Gonystylus borneensis
- Conservation status: Least Concern (IUCN 3.1)

Scientific classification
- Kingdom: Plantae
- Clade: Tracheophytes
- Clade: Angiosperms
- Clade: Eudicots
- Clade: Rosids
- Order: Malvales
- Family: Thymelaeaceae
- Genus: Gonystylus
- Species: G. borneensis
- Binomial name: Gonystylus borneensis (Tiegh.) Gilg
- Synonyms: Asclerum borneense Tiegh.;

= Gonystylus borneensis =

- Genus: Gonystylus
- Species: borneensis
- Authority: (Tiegh.) Gilg
- Conservation status: LC
- Synonyms: Asclerum borneense Tiegh.

Species of ramin tree

Gonystylus borneensis is a flowering plant in the family Thymelaeaceae. It is native to Borneo.

==Description==
Gonystylus borneensis grows as a tree up to 35 m tall, with a trunk diameter of up to 60 cm. The bark is greyish brown and fissured. The fruit is round, brown, up to 7 cm in diameter.

==Taxonomy==
Gonystylus borneensis was first described as Asclerum borneense in 1893 by French botanist Phillippe Édouard Léon van Tieghem in the Annales des Sciences Naturelles; Botanique. In 1897, German botanist Ernest Friedrich Gilg transferred the species to the geuns Gonystylus. The type specimen was collected on Mount Matang in Sarawak, Borneo. The specific epithet borneensis means 'of Borneo'.

==Distribution and habitat==
Gonystylus borneensis is endemic to Borneo.
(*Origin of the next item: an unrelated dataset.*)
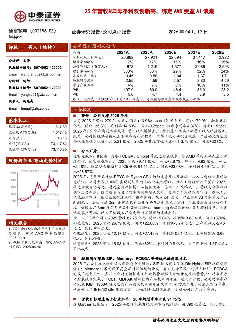 通富微电:中泰证券-通富微电-002156-25年营收&归母净利双创新高,绑定AMD受益AI浪潮-260419

Its habitat is in dipterocarp and kerangas forests from sea level to 500 m altitude.

==Conservation==
Gonystylus borneensis has been assessed as least concern on the IUCN Red List. However, its population is decreasing due to deforestation of land for palm oil plantations. The species is not known from any protected areas.